**ACTION ITEM:** What is needed is an exact copy of the lines in the entries below from the one holding "Damen Weiblich Freizeitkleid" through the one holding "api yang membakar", pictures excluded.
[LISTED ENTRIES]
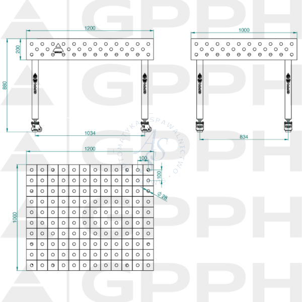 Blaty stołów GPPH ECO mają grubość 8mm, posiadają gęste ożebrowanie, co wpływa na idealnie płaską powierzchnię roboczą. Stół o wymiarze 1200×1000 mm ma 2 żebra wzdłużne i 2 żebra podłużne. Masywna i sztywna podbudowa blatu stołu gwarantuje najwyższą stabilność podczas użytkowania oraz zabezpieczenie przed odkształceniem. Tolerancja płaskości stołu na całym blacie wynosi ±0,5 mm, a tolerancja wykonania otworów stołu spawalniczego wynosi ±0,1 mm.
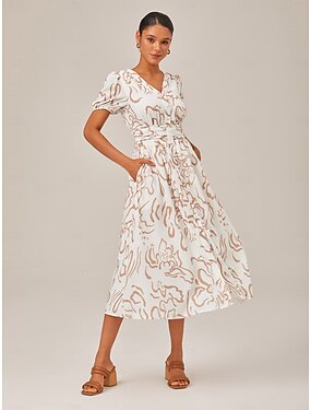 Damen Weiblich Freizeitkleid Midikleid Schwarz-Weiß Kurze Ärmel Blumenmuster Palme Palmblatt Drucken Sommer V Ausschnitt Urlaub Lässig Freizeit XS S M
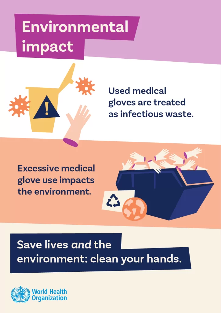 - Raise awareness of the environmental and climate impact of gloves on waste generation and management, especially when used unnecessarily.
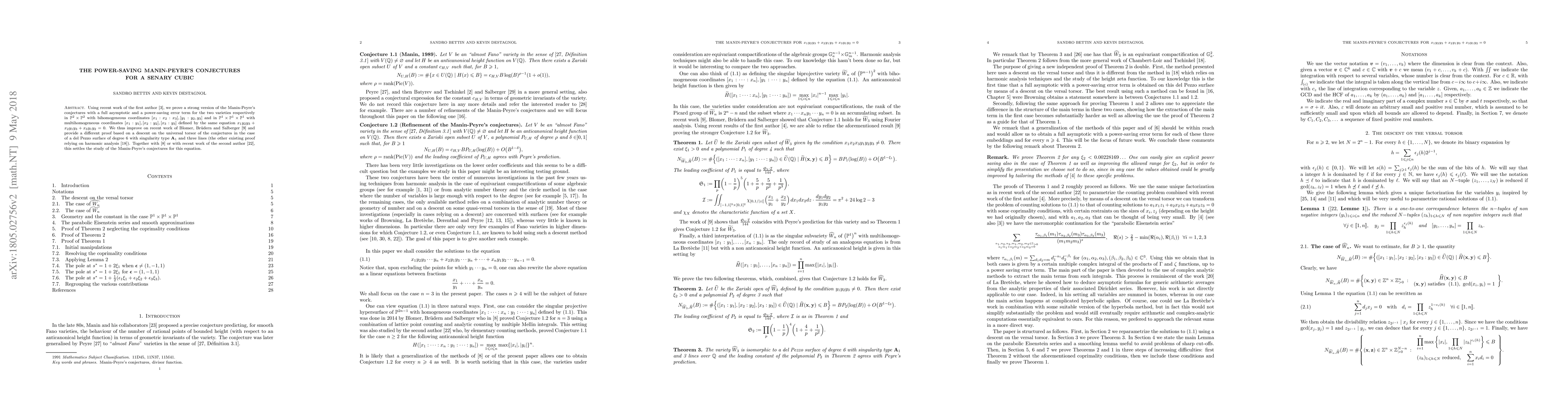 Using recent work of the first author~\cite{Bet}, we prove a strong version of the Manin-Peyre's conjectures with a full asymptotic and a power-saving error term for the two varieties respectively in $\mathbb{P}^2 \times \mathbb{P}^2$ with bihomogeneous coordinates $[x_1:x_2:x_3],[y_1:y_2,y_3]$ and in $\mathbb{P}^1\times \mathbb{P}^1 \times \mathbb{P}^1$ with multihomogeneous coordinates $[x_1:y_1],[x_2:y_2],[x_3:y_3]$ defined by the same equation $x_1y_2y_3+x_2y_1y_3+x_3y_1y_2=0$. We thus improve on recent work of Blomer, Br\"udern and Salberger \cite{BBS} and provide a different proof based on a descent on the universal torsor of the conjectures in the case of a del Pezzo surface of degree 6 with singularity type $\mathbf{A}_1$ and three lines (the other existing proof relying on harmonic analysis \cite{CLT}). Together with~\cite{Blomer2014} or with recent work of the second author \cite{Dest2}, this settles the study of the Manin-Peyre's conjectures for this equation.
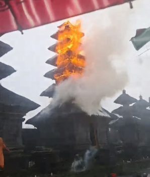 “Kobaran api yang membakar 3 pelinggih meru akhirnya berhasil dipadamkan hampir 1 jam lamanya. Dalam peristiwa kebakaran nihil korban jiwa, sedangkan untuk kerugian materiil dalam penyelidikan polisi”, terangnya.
[/LISTED ENTRIES]
[LISTED ENTRIES]
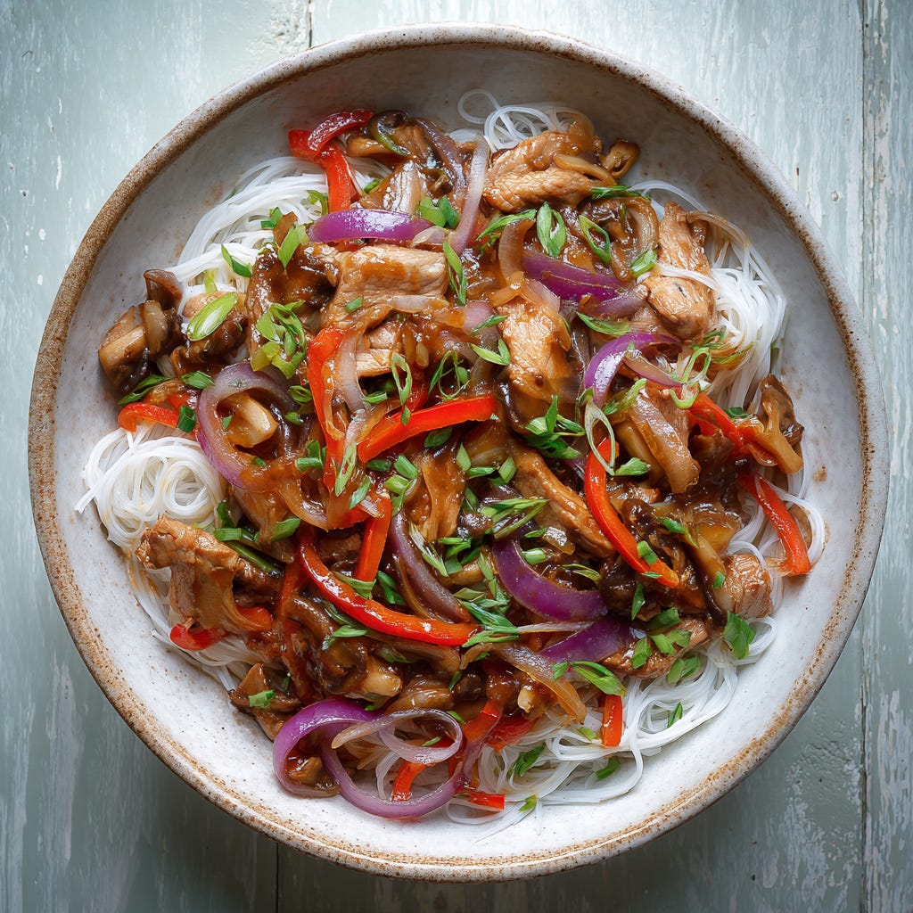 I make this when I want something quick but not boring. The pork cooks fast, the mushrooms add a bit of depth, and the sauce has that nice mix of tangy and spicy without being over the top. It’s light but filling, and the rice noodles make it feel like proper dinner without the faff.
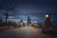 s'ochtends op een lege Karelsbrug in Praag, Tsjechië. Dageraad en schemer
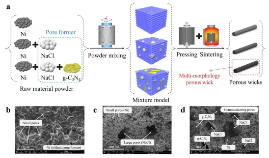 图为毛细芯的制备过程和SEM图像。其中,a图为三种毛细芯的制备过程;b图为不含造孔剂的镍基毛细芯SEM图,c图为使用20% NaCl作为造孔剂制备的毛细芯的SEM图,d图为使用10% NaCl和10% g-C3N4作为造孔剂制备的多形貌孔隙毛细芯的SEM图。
[/LISTED ENTRIES]
**YOUR SOLUTION:**
 Damen Weiblich Freizeitkleid Midikleid Schwarz-Weiß Kurze Ärmel Blumenmuster Palme Palmblatt Drucken Sommer V Ausschnitt Urlaub Lässig Freizeit XS S M
 - Raise awareness of the environmental and climate impact of gloves on waste generation and management, especially when used unnecessarily.
 Using recent work of the first author~\cite{Bet}, we prove a strong version of the Manin-Peyre's conjectures with a full asymptotic and a power-saving error term for the two varieties respectively in $\mathbb{P}^2 \times \mathbb{P}^2$ with bihomogeneous coordinates $[x_1:x_2:x_3],[y_1:y_2,y_3]$ and in $\mathbb{P}^1\times \mathbb{P}^1 \times \mathbb{P}^1$ with multihomogeneous coordinates $[x_1:y_1],[x_2:y_2],[x_3:y_3]$ defined by the same equation $x_1y_2y_3+x_2y_1y_3+x_3y_1y_2=0$. We thus improve on recent work of Blomer, Br\"udern and Salberger \cite{BBS} and provide a different proof based on a descent on the universal torsor of the conjectures in the case of a del Pezzo surface of degree 6 with singularity type $\mathbf{A}_1$ and three lines (the other existing proof relying on harmonic analysis \cite{CLT}). Together with~\cite{Blomer2014} or with recent work of the second author \cite{Dest2}, this settles the study of the Manin-Peyre's conjectures for this equation.
 “Kobaran api yang membakar 3 pelinggih meru akhirnya berhasil dipadamkan hampir 1 jam lamanya. Dalam peristiwa kebakaran nihil korban jiwa, sedangkan untuk kerugian materiil dalam penyelidikan polisi”, terangnya.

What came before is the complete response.